» About this exercise
Below are the records; repeat exactly their lines between the line holding "不过有一说一,虽然使用一加8" and the line holding "- 그러면 페이지 테이블에", inclusive, skipping the pictures.
##### Material supplied #####
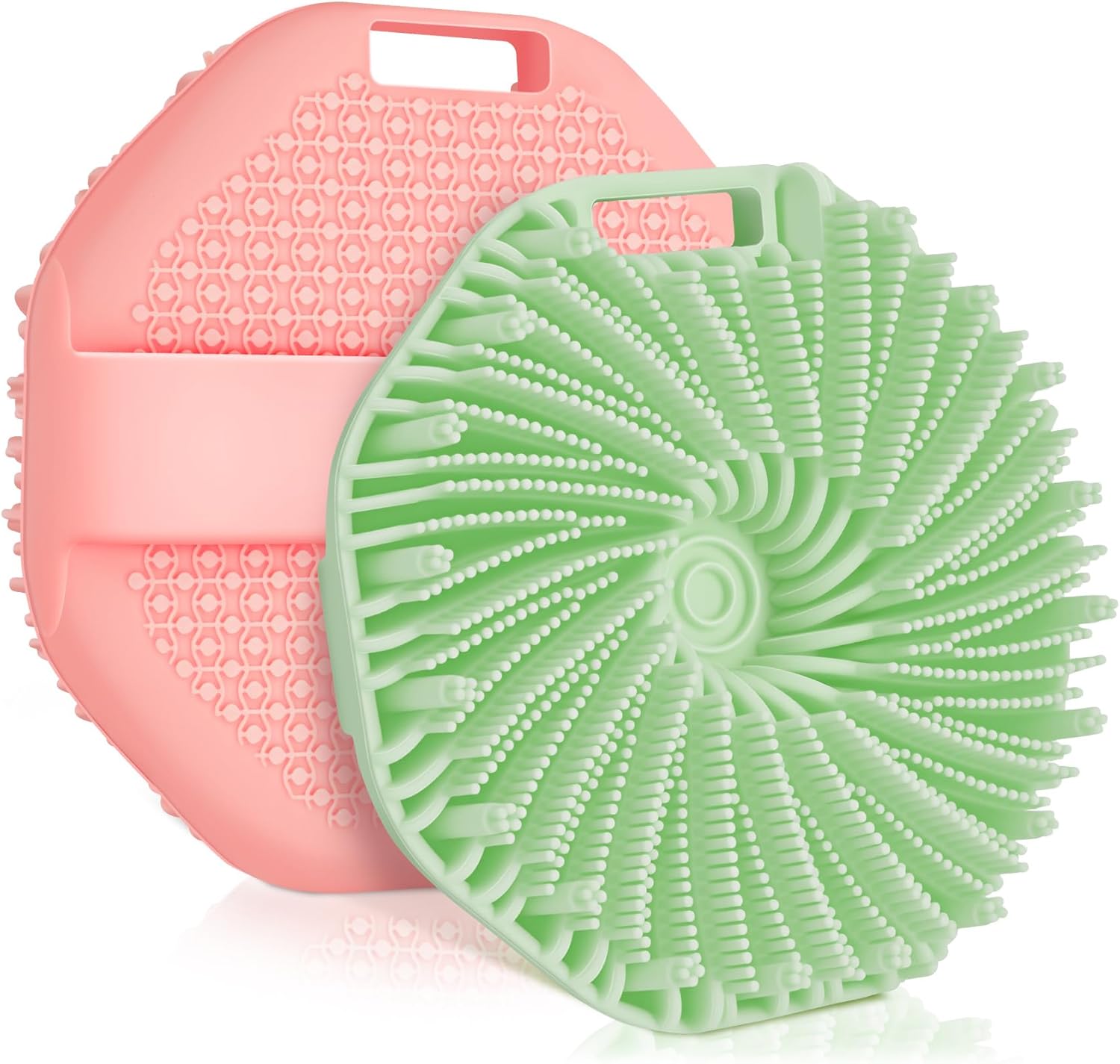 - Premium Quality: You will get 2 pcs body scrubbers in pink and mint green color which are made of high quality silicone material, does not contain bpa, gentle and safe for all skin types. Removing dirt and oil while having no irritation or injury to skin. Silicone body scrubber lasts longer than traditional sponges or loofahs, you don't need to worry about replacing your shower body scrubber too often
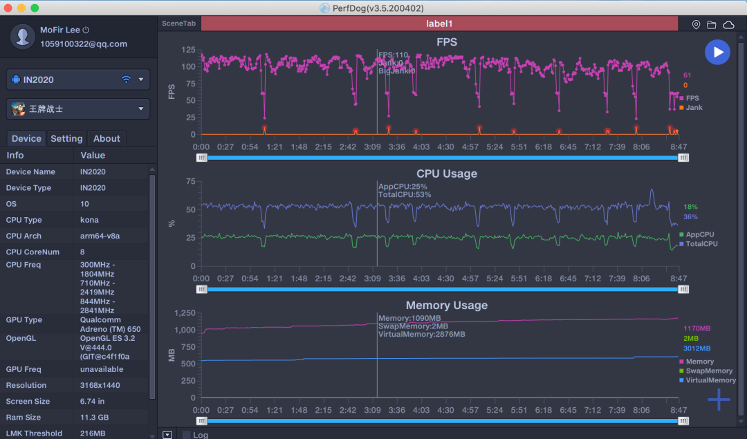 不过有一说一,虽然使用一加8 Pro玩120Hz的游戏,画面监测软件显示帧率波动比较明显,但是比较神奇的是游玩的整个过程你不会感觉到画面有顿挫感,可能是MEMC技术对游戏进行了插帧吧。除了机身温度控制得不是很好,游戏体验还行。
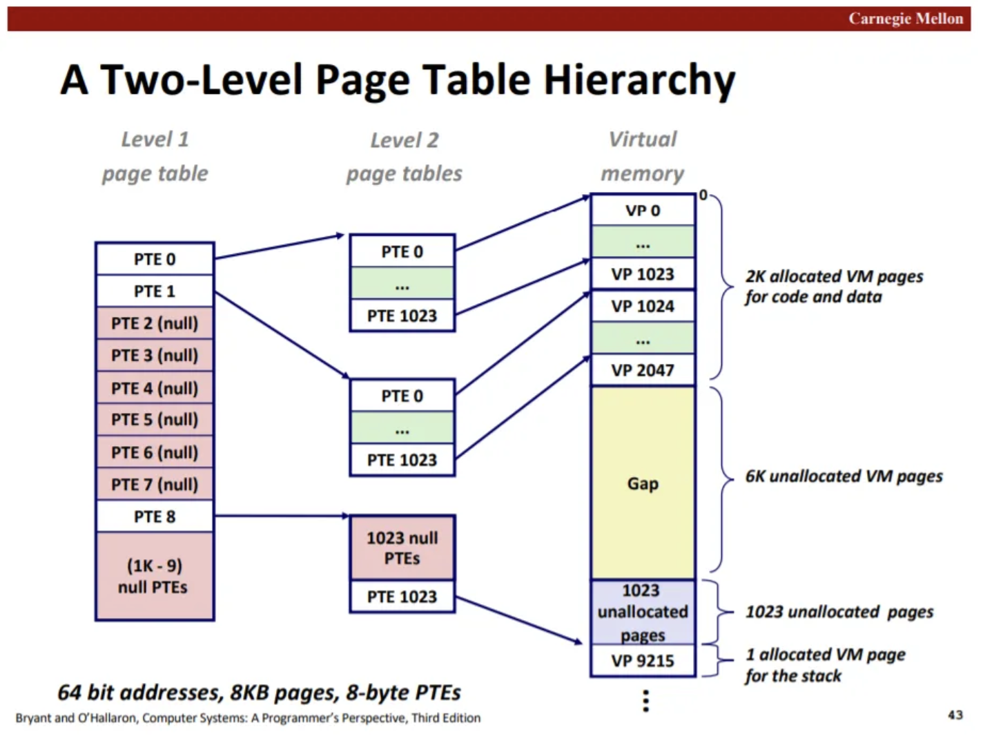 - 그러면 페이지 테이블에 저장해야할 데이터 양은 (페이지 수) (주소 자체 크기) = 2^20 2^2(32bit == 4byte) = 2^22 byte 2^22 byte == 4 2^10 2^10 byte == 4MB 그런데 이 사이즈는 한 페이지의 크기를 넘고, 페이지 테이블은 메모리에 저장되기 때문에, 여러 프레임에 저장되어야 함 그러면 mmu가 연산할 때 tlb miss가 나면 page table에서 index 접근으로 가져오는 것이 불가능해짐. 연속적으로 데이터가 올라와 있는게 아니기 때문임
#####
##### Material supplied #####
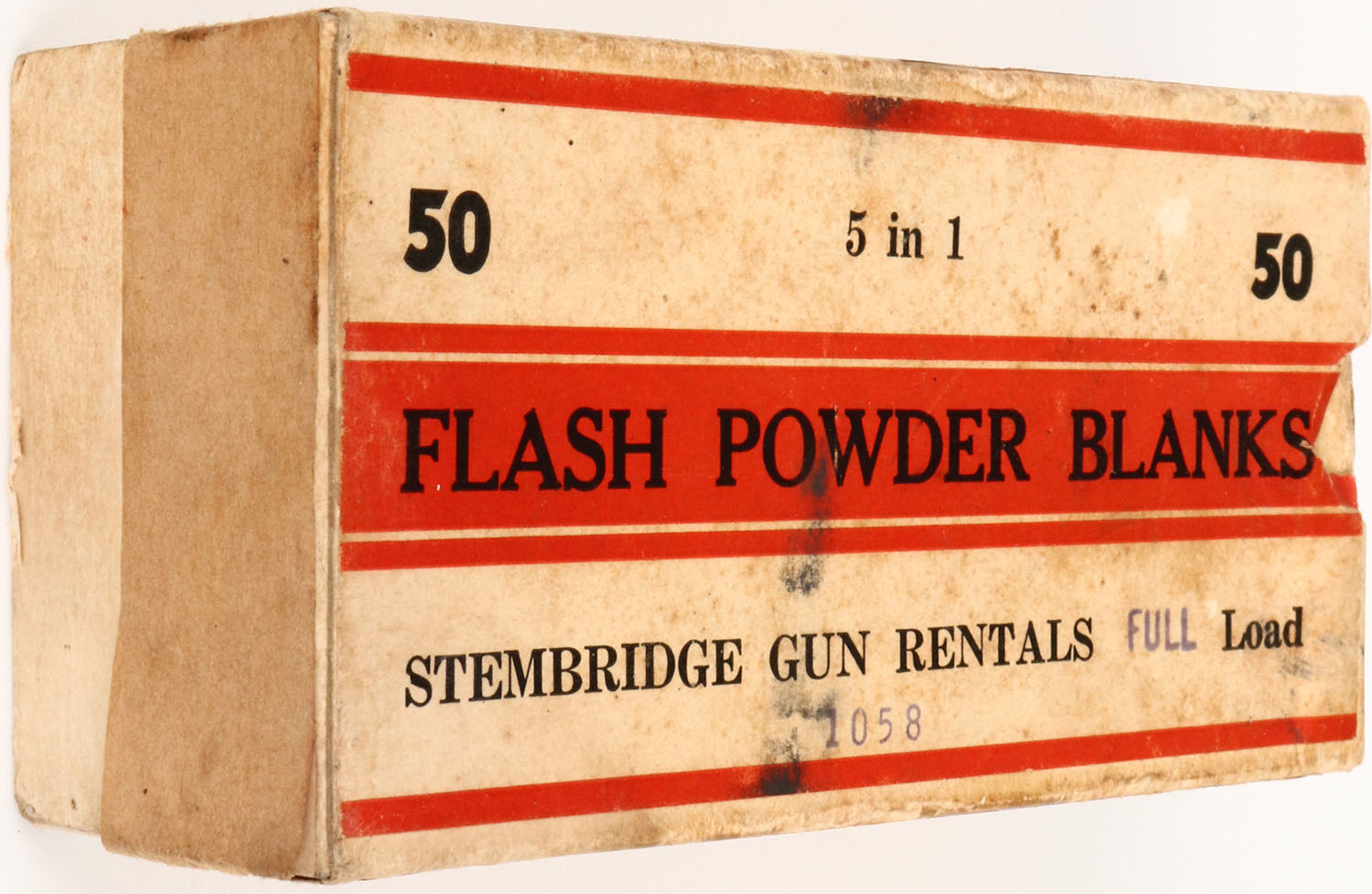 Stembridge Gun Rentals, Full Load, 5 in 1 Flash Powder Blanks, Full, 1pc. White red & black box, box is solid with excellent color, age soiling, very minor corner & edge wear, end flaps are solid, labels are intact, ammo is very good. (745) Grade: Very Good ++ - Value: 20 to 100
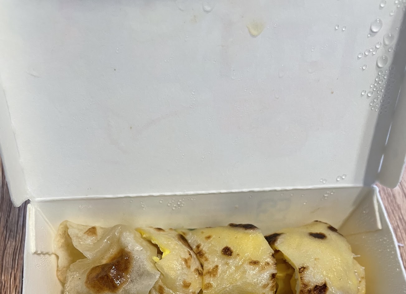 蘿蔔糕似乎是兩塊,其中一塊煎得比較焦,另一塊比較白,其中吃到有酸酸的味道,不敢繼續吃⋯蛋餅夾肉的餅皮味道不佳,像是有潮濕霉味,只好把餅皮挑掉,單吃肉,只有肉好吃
#####
» Output of the exercise
 不过有一说一,虽然使用一加8 Pro玩120Hz的游戏,画面监测软件显示帧率波动比较明显,但是比较神奇的是游玩的整个过程你不会感觉到画面有顿挫感,可能是MEMC技术对游戏进行了插帧吧。除了机身温度控制得不是很好,游戏体验还行。
 - 그러면 페이지 테이블에 저장해야할 데이터 양은 (페이지 수) (주소 자체 크기) = 2^20 2^2(32bit == 4byte) = 2^22 byte 2^22 byte == 4 2^10 2^10 byte == 4MB 그런데 이 사이즈는 한 페이지의 크기를 넘고, 페이지 테이블은 메모리에 저장되기 때문에, 여러 프레임에 저장되어야 함 그러면 mmu가 연산할 때 tlb miss가 나면 page table에서 index 접근으로 가져오는 것이 불가능해짐. 연속적으로 데이터가 올라와 있는게 아니기 때문임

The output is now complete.